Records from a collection
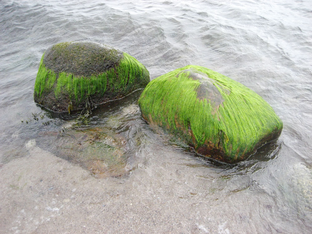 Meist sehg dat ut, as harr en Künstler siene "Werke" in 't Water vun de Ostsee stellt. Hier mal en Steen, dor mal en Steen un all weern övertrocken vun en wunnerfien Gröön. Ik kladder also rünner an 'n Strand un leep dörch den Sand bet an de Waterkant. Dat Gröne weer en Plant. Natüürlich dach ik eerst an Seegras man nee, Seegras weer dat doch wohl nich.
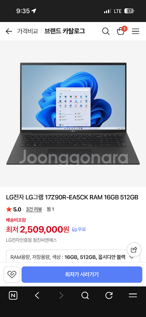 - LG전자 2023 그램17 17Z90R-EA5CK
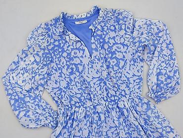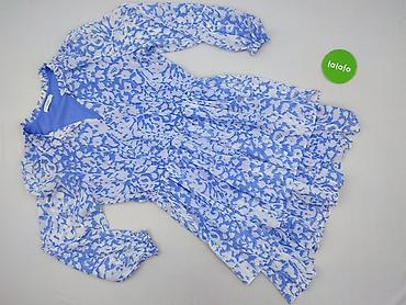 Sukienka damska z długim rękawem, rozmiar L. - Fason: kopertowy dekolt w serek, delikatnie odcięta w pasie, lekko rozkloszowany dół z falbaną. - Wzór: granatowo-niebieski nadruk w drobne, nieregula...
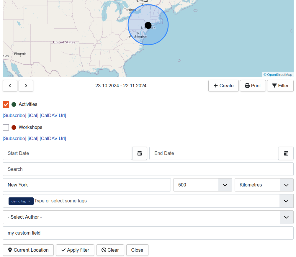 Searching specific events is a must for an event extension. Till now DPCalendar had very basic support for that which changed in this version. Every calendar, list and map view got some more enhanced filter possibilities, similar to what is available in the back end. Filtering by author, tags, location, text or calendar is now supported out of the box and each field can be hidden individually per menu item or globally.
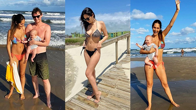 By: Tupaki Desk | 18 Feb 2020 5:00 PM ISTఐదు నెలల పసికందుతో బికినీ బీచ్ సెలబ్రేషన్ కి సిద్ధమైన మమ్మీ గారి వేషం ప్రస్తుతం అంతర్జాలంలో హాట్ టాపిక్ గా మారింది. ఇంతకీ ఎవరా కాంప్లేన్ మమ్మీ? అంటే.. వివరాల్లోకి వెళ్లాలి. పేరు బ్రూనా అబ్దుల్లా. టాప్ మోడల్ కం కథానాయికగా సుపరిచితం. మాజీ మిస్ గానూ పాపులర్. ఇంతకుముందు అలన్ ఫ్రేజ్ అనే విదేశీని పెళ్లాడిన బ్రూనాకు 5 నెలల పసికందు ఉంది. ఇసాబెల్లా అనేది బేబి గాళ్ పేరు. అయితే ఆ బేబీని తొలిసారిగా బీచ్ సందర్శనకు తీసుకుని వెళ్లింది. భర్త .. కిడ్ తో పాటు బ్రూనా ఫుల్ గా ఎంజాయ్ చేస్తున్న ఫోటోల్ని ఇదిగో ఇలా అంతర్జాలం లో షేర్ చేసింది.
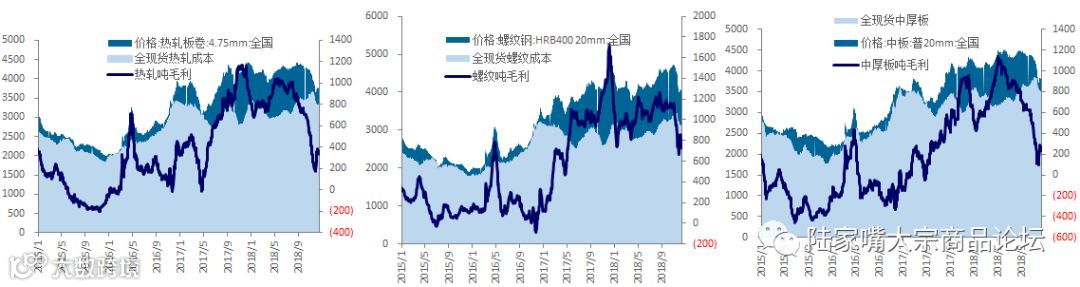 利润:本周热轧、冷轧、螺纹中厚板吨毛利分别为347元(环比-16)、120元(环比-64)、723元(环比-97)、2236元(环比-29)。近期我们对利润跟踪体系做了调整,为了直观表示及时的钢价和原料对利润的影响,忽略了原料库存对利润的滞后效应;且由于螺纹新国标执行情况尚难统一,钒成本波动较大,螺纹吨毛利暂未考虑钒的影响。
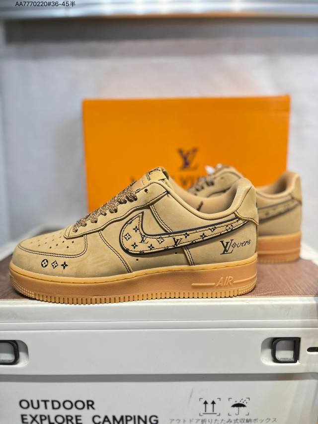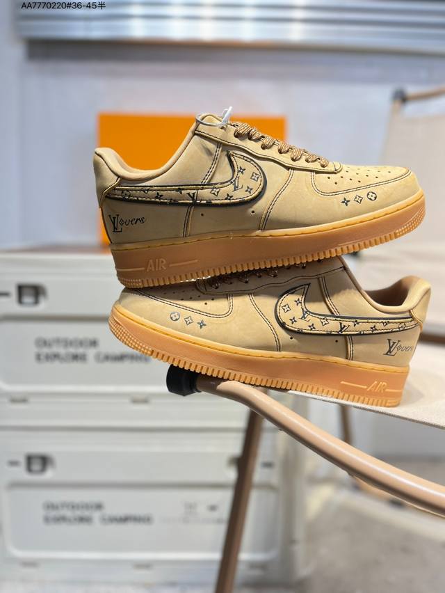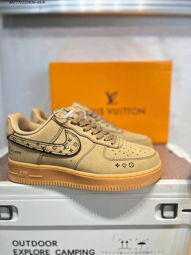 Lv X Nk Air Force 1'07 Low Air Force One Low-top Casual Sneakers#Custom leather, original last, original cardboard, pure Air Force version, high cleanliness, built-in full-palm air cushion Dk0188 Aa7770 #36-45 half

- **YOUR ASSIGNMENT**: Beginning with the first entry above, reproduce every line verbatim until the line with "Sukienka damska z", which is included too; omit pictures.

- **THE ANSWER**:
 Meist sehg dat ut, as harr en Künstler siene "Werke" in 't Water vun de Ostsee stellt. Hier mal en Steen, dor mal en Steen un all weern övertrocken vun en wunnerfien Gröön. Ik kladder also rünner an 'n Strand un leep dörch den Sand bet an de Waterkant. Dat Gröne weer en Plant. Natüürlich dach ik eerst an Seegras man nee, Seegras weer dat doch wohl nich.
 - LG전자 2023 그램17 17Z90R-EA5CK
 Sukienka damska z długim rękawem, rozmiar L. - Fason: kopertowy dekolt w serek, delikatnie odcięta w pasie, lekko rozkloszowany dół z falbaną. - Wzór: granatowo-niebieski nadruk w drobne, nieregula...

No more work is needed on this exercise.